Le Premier ministre a expliqué à ce propos : « Le choix demeure celui du peuple libyen, qui s'est félicité de ce gouvernement, et je pense que le Parlement est une composante et une partie intégrante du peuple libyen, et qu'il ne choisira pas une voie autre que celle du peuple ».

Le gouvernement dirigé par al-Thani, qui ne bénéficie pas d'une reconnaissance internationale et qui est fidèle au général putschiste Khalifa Haftar, dans l'est de la Libye, a posé l'approbation du Parlement de Tobrouk comme condition sine qua non, pour le transfert de ses fonctions à la nouvelle autorité exécutive intérimaire.


* Les relations avec la Turquie.


Concernant les relations de son pays avec la Turquie dans cette nouvelle phase, Dbiba a souligné qu'il est en faveur d'un grand partenariat entre les deux pays.

Le Premier ministre a déclaré à cet effet : « Nous bénéficions d'une grande solidarité de l’État et du peuple turcs. La Turquie est un allié, un ami et un frère, et elle a de nombreuses capacités aptes à aider les Libyens pour atteindre leurs vrais objectifs. La Turquie est l'un de nos vrais partenaires ».

Concernant son évaluation des relations commerciales entre la Libye et la Turquie, notamment au regard de son passé d’homme d’affaires, Dbiba a fait observer que : « La Turquie a imposé son statut et sa présence dans le monde, non pas seulement en Libye, et c'est le seul pays où les Libyens ont pu se rendre librement durant la guerre ».

Et d'expliquer, « La Turquie a ouvert ses aéroports et n'a pas fermé son ambassade à Tripoli, et je pense que la liberté de circulation se traduira par une coopération entre les deux peuples dans le domaine économique.
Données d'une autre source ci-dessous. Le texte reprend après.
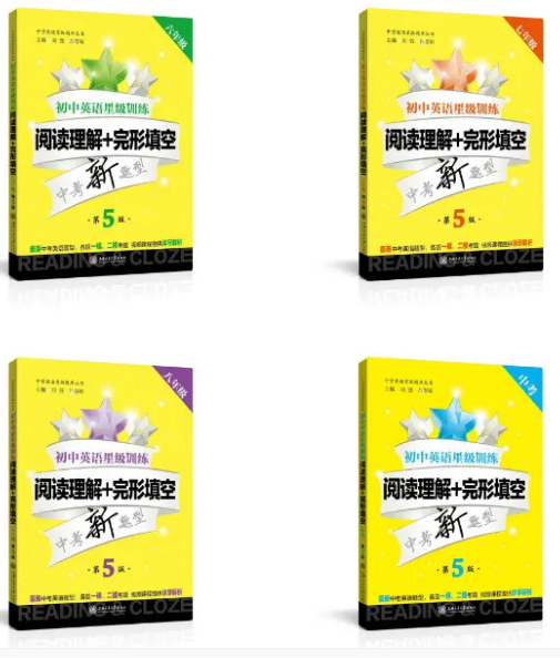 词汇量越大,平时所积累的固定搭配、常用表达越多,则解题越迅速。借助语法分析来帮助理解句子、推测语境、判断搭配等等,在完形填空中是必不可少的。 .每册书都有40个test,每个test有6篇阅读材料:选词填空(2篇)、选择类阅读理解、完形填空、首字母填空和问答类阅读理解。
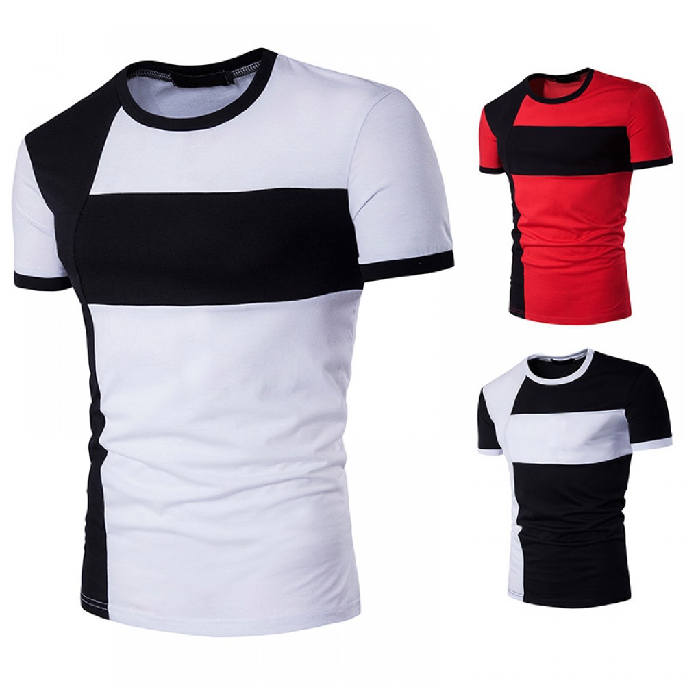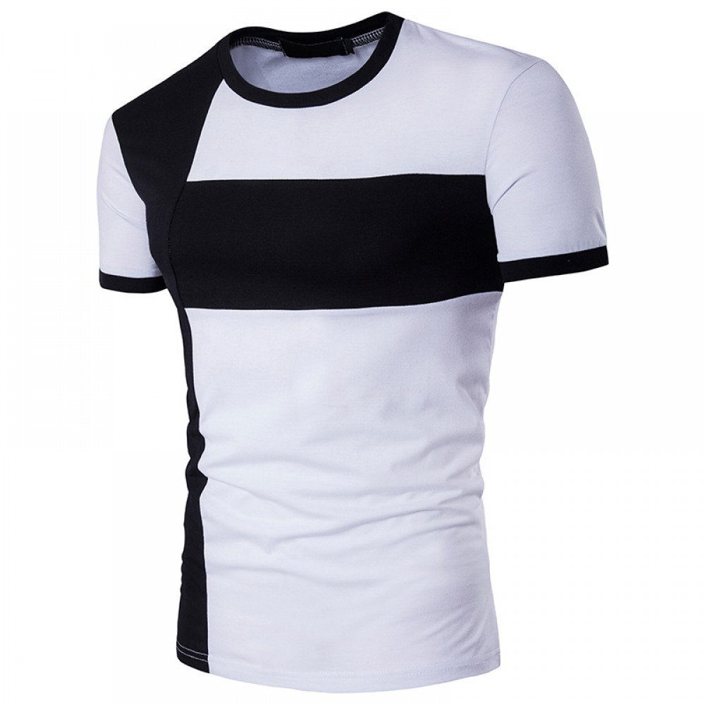 New Summer Men's Short-Sleeved T-Shirt Mens Contrast Striped Slim Casual T-Shirt

Nous espérons développer cette coopération et accroître le volume des échanges commerciaux aux plus hauts niveaux ».


* Juger les auteurs de crimes de guerre.


Dbiba a également abordé la question de la responsabilité des auteurs de crimes de guerre en Libye, en déclarant dans ce sens : « En ce qui concerne les crimes commis, la justice suivra son cours, mais nous sommes dans une phase difficile d'instauration de la paix en Libye, et des concessions doivent être faites des deux côtés pour trouver un terrain d'entente commun à même de servir l'intérêt libyen ».

Et d'ajouter : « Nous ne pouvons pas nous permettre un durcissement de part et d'autre dans nos positions, nous voulons une véritable réconciliation entre toutes les parties libyennes et si la culpabilité de quiconque est prouvée, alors il devra faire face à la justice ».
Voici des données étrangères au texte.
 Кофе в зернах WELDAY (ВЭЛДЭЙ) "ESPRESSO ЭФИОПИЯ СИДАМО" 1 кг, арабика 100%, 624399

* Qui est Abdelhamid Dbiba ?


Dbiba est né en 1958 dans la ville de Misrata (située à 200 km à l'est de Tripoli) considérée comme le bastion de la révolution libyenne. Il est soutenu par des tribus de l'ouest du pays.

Pendant les années de guerre, Dbiba était surtout connu pour son parcours dans le domaine du commerce en tant qu'homme d'affaires. La rue libyenne n'a eu connaissance de son identité politique que lorsqu'il a assumé le poste de Premier ministre dans le nouveau gouvernement.

Dbiba, qui dirige depuis 2006 la « Libyan Investment and Development Company », considérée comme l'une des plus grandes entreprises de construction en Libye, est également le président du club de Football libyen, Al Ittihad.

Il a achevé ses études universitaires et ses études de troisième cycle en génie civil au Canada. Ses proches lui ont donné le surnom de « l'ingénieur ». Ses enfants auraient la citoyenneté canadienne.

Le vote des membres du Forum de dialogue libyen, sous l'égide des Nations unies à Genève, qui a eu lieu vendredi, a abouti à la victoire de la liste de Dbiba, qui a remporté le suffrage face à la liste de Aguila Salah.

La candidature de l'allié du général putschiste Khalifa Haftar, en tant que président du Conseil présidentiel, n’a pas réussi à obtenir la confiance des membres du Conseil.

La liste gagnante dirigera temporairement les affaires du pays, jusqu'à la tenue des élections présidentielles et parlementaires prévues pour le 24 décembre 2021.


*Traduit de l'arabe par Mounir Bennour.